Our emotions can affect our breath, of course. When we are feeling calm and centered our breath more naturally moves into a slower rhythm, and we are more likely to breathe into our diaphragm. But when we are stressed or anxious, stress breathing is more common, with shallower, tighter, faster breath.

This goes in both directions: how we breathe also can affect our emotions. One of the consequences of stress breathing over time can be less bandwidth to notice and feel emotions themselves more fully.With chronic stress breathing, the more shallow, tense breath only goes in as far as the upper or mid chest area. When the diaphragm is tense and shut down, this tightness in the abdomen also prevents us from being able to access our emotion as freely. This can lead to just feeling a few, stronger emotions when they get intense and obvious enough, like anger or burst-into-tears frustration. Or it can lead to grouping all kinds of emotions into one catch-all phrase, as in “I feel so stressed out!!”

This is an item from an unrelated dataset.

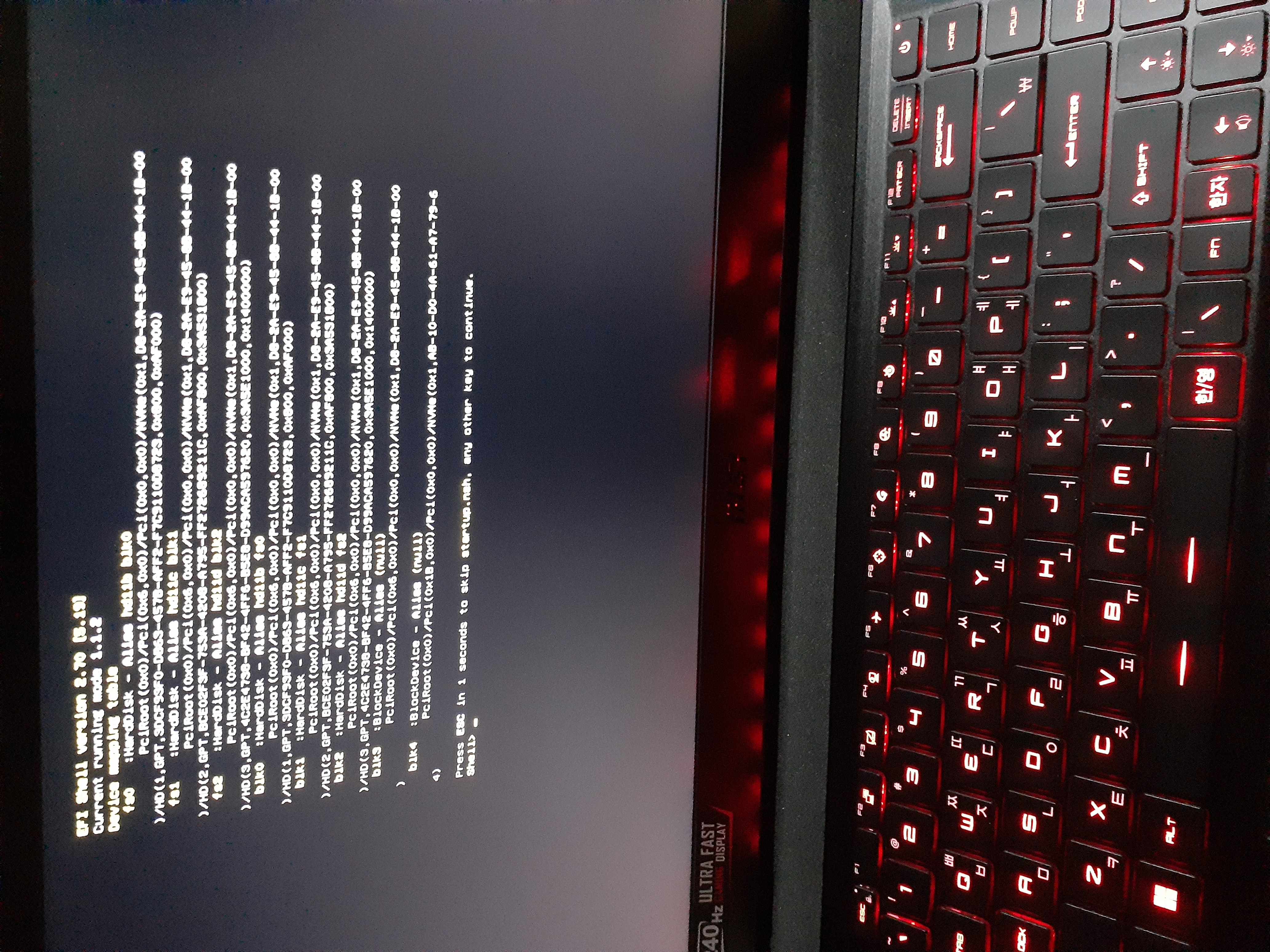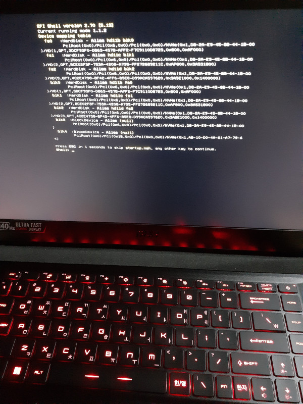 인터넷에 Efi shell version 2.70 오류로 검색해 보니.. 아래 회면에 무슨 명령어를 이걸 쳐라, 저걸처라~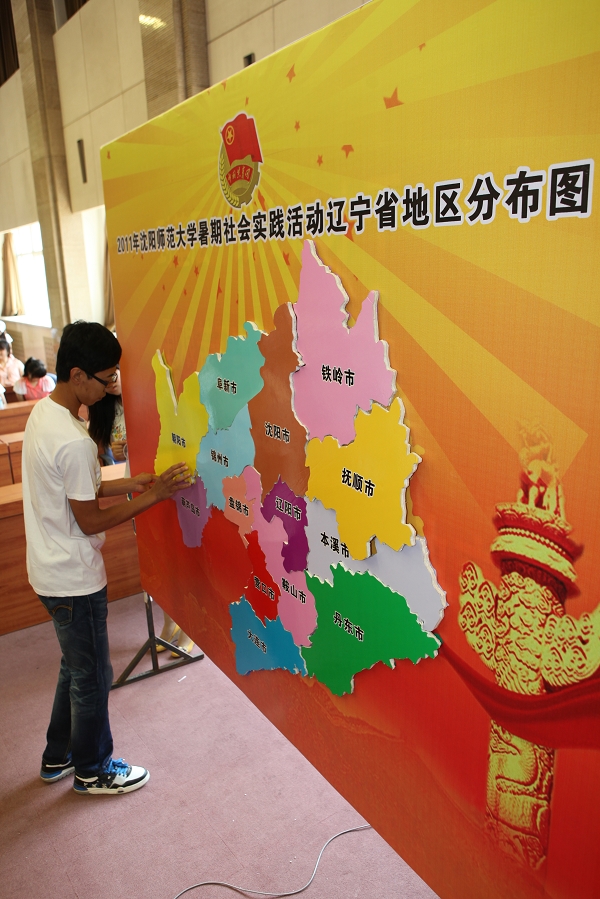 各个实践团队代表拼制完成2011年必赢线路检测中心暑期社会实践活动辽宁省地区分布图

To feel our emotions more fully, it’s helpful to learn to breathe into the abdominal area. This can take a little practice – some estimates suggest over 50% of all adults use chest breathing most of the time. Breathing through engaging the diaphragm is the natural way to breathe. When we breathe more slowly using the diaphragm, this allows us to break the habitual stress breathing habit that mimics fight or flight. Our bodies can move into relaxation. And we can become more aware of our emotions.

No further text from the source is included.